WORK ORDER »
Write out the material below again, line for line, without any images.

INFORMATION PROVIDED »
====================

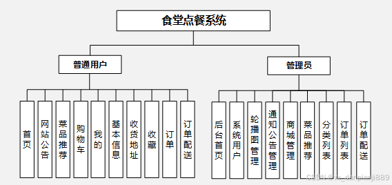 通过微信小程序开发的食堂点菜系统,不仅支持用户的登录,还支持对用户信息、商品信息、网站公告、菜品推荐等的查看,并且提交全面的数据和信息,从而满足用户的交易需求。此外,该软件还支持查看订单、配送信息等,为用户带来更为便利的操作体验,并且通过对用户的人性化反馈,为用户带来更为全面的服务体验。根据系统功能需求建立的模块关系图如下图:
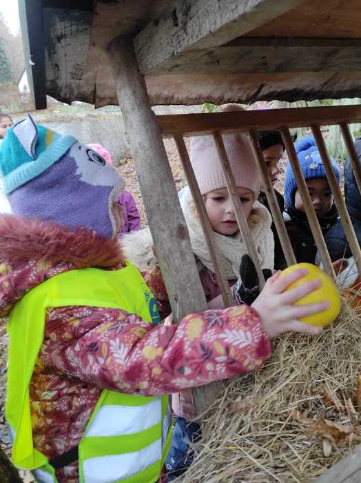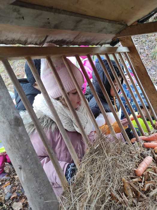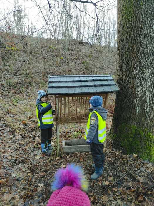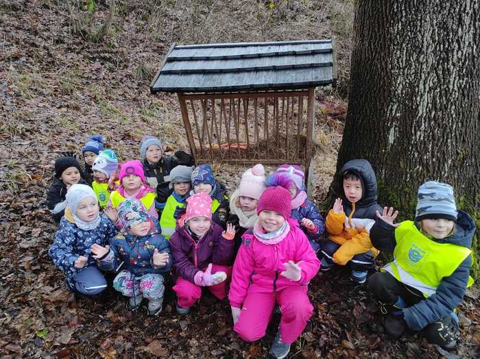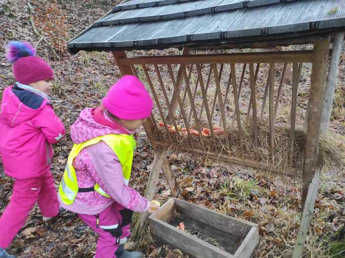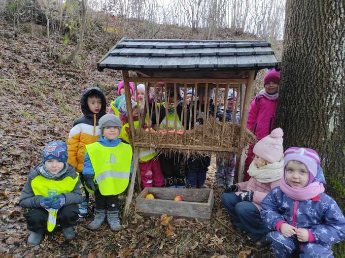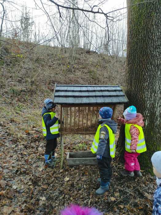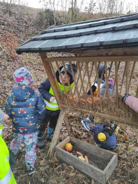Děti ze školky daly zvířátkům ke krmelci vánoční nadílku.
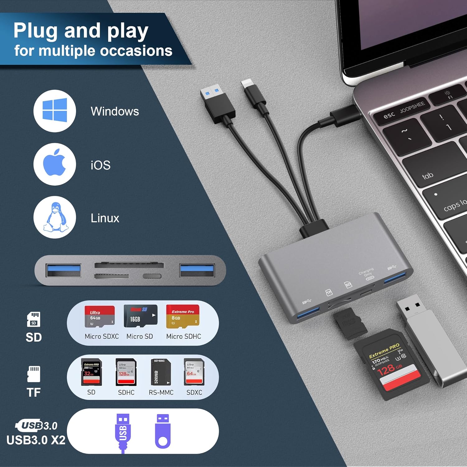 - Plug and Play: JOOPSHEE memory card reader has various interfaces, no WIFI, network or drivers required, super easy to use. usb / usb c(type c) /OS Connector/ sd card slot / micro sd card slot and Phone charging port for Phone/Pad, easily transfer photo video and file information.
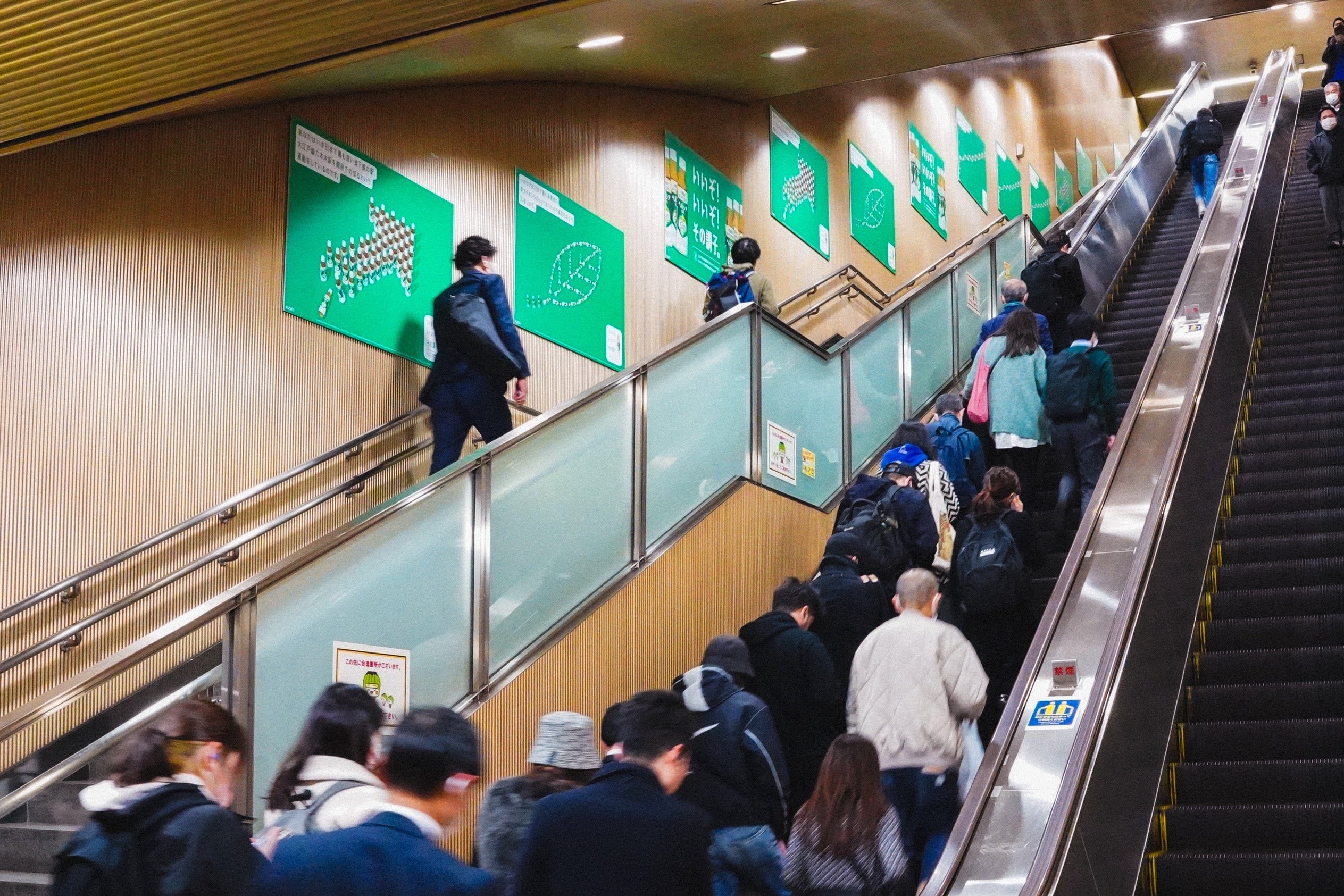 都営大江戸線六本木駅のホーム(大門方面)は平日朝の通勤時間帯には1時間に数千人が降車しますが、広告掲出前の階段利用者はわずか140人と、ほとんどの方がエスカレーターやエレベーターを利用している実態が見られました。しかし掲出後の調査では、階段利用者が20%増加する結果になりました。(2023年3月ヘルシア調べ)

====================

WRITTEN ANSWER »
 通过微信小程序开发的食堂点菜系统,不仅支持用户的登录,还支持对用户信息、商品信息、网站公告、菜品推荐等的查看,并且提交全面的数据和信息,从而满足用户的交易需求。此外,该软件还支持查看订单、配送信息等,为用户带来更为便利的操作体验,并且通过对用户的人性化反馈,为用户带来更为全面的服务体验。根据系统功能需求建立的模块关系图如下图:
Děti ze školky daly zvířátkům ke krmelci vánoční nadílku.
 - Plug and Play: JOOPSHEE memory card reader has various interfaces, no WIFI, network or drivers required, super easy to use. usb / usb c(type c) /OS Connector/ sd card slot / micro sd card slot and Phone charging port for Phone/Pad, easily transfer photo video and file information.
 都営大江戸線六本木駅のホーム(大門方面)は平日朝の通勤時間帯には1時間に数千人が降車しますが、広告掲出前の階段利用者はわずか140人と、ほとんどの方がエスカレーターやエレベーターを利用している実態が見られました。しかし掲出後の調査では、階段利用者が20%増加する結果になりました。(2023年3月ヘルシア調べ)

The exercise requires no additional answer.